Я крутился, вертелся, мечтая заснуть до рассвета и первых москитов, и слышал, как он бурчал, продолжая развивать мысль, которая стала причиной нашей откровенной беседы.

— Ужасно, как все мы так или иначе жаждем получить сертификат славы, — печально проговорил Сэм и со стоном заснул.

Поднялся он задолго до меня и с пристальным вниманием читал на террасе письма — наша беседа развеяла его сомнения и страхи. Издалека донесся мягкий звон гонга, призывающий к завтраку, и я, тяжело вздыхая, отправился в душ.

— Наконец-то проснулся, — крикнул Сэм, вновь обретя привычное отличное настроение. — Я смотрел, как ты лежишь, бесстрашный, как связка сосисок, и храпишь так, что чуть голова не отрывается, и не мог не оценить твой вклад в защиту отечества. Грохот стоял, как при дальней канонаде.

У принца было брюзгливое настроение, в отличие от обычного жизнерадостного. Он читал военные новости в «Аль-Ахрам» и качал головой из-за ни к чему не обязывающих коммюнике. Это был один из тех редких периодов затишья, когда не случалось ничего особенного. Однако говорить он хотел не об этом.

— Иногда я задаюсь вопросом, — сказал он нам, — действительно ли англичане хотят выиграть войну; потому что ведут они себя очень странно. Вам известно о нашем агенте? У нас в саду живет немецкий агент — в летнем домике. Его обнаружили садовники, и он предложил им денег, чтобы они оставили его в покое. Представляете? Немецкий археолог, к тому же идеально говорящий по-арабски. Я, разумеется, помчался в консульство и обо всем рассказал там, думал, они пошлют кого-нибудь, чтобы арестовать негодяя или даже убить. Ничего подобного. Этот противный и высокомерный бригадир Маскелин сказал мне: «Мы считаем нецелесообразным ворошить агентурное гнездо». А теперь они даже предлагают ему новое оборудование, И это называется войной, спрашиваю я себя? Если всех агентов оставят в покое и даже будут снабжать…

Ему было невдомек, что сначала необходимо выявить немецкую и итальянскую агентуру, а так как он не находил себе места от ярости, разумнее всего было оставить его в неведении относительно происходящего на самом деле.

Разговор перешел на другое: он готов немедленно предоставить мне несколько выходных в связи с приездом старого друга; я обязан постараться, чтобы Сэм провел отпуск как можно приятней. Нам тотчас предложили великолепный план — экскурсии во все четыре стороны Египта, посещение старинных памятников. Единственным врагом, мешавшим нам развернуться, было ограниченное время.

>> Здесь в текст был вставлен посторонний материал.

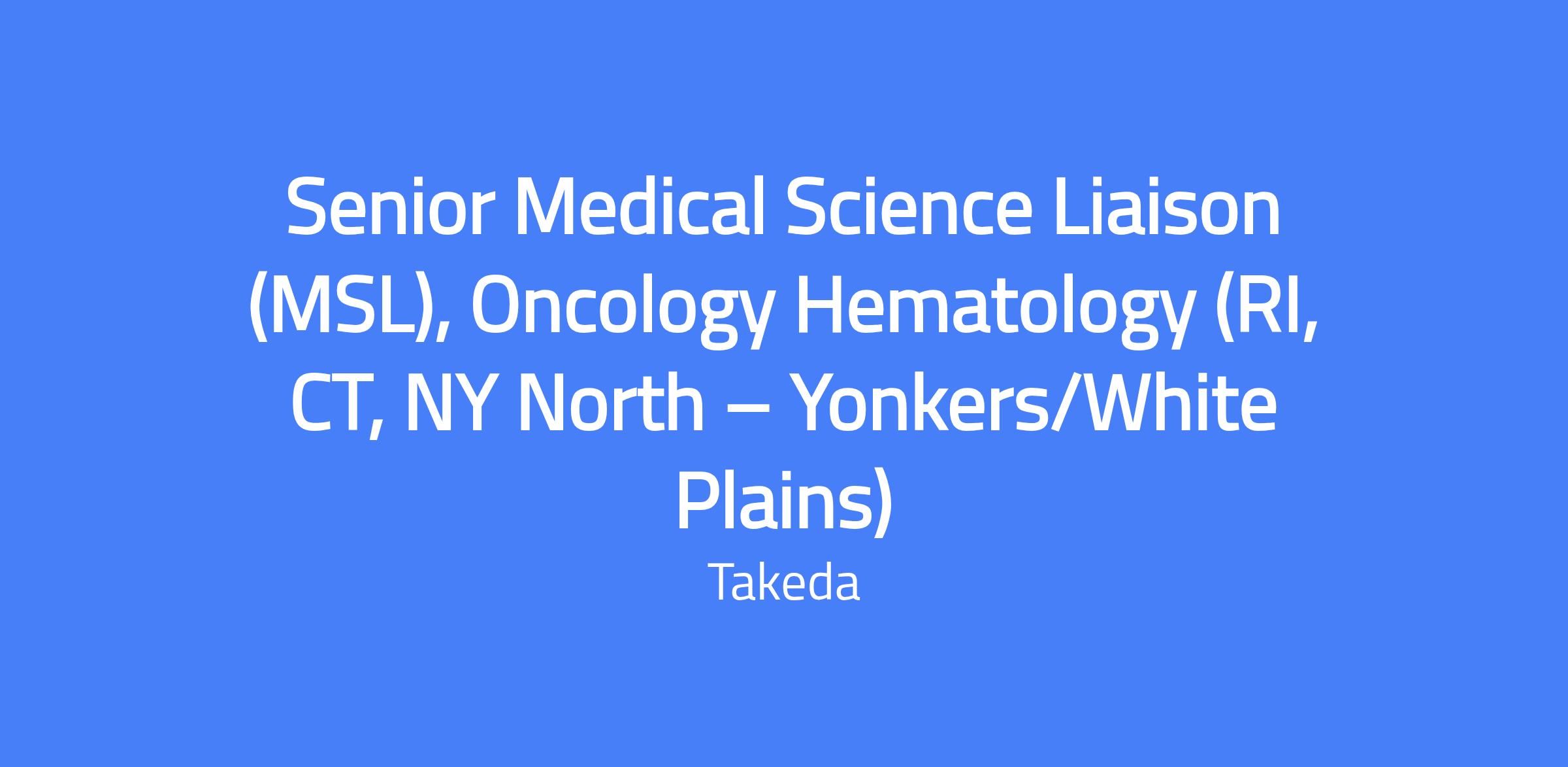 The Senior Medical Science Liaison (MSL) in Oncology/Hematology is a field-based role within the medical affairs team. The role supports the development and lifecycle management of Takeda Oncology medicines and engages scientifically with key opinion leaders in the assigned geography through accurate, scientific, and non-promotional information exchange. The territory for this role covers RI, CT, NY North β Yonkers/White Plains, and residency within the territory is required.

— Все равно, — решительно вскричал принц, — все мы постараемся устроить так, чтобы гость остался доволен!

Он сделал неопределенный жест, включавший в команду по развлечению Сэма и принцессу, и дворцовых слуг, а также секретарей и своего друга Аффада.

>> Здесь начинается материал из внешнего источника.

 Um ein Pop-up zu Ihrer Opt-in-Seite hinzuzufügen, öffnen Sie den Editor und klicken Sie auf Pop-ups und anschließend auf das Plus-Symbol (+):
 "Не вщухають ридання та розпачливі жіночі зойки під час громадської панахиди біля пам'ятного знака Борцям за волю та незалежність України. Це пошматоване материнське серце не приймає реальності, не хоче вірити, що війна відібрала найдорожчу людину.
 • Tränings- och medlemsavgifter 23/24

В самом деле, банкир Аффад был самым очаровательным, самым застенчивым и самым изобретательным из окружения принца. Банкир тотчас изобразил нетерпеливого хозяина, и его приглашение было тем более соблазнительным, что предполагало путешествие по воде — по Нилу, и к тому же на снабженном всем необходимым небольшом судне, принадлежащем французскому посольству. Мы долго не могли прийти в себя от такой удачи, кажется, лишь на второй день осознали, что наша прелестная пирога плывет вверх по Нилу, а это совершенно особая река, не похожая ни на какую другую. К сожалению, путешествие было коротким, потому что на полпути к ближайшему большому городу мы должны были сойти на берег, чтобы на машине вернуться в Каир, ведь мой друг не мог задержаться в отпуске, не мог даже помыслить о подобном риске, а наше возвращение позволяло ему немного повеселиться в компании принца и принцессы, которые ему очень нравились. Наше маленькое путешествие было очень приятным — словно естественное продолжение того беззаботного лета в Провансе, — связавшие нас тогда узы еще не потеряли своей прочности. Более того, они как будто обновлялись, столь явственным казалось присутствие Констанс и ее брата Хилари, иногда нам незримо являлся консул Феликс Чатто… и даже темная тень Ливии навещала нас. Интересно, где теперь Ливия? Что сталось с Авиньоном с его миражами на фоне синего неба — с соборами, к которым Хилари всегда обращался как к «заброшенным заводам, без всякого шума производившим молящихся, в отличие от ближайших турбин». Зловещий свист мистраля в соснах. Все это было, и было здесь.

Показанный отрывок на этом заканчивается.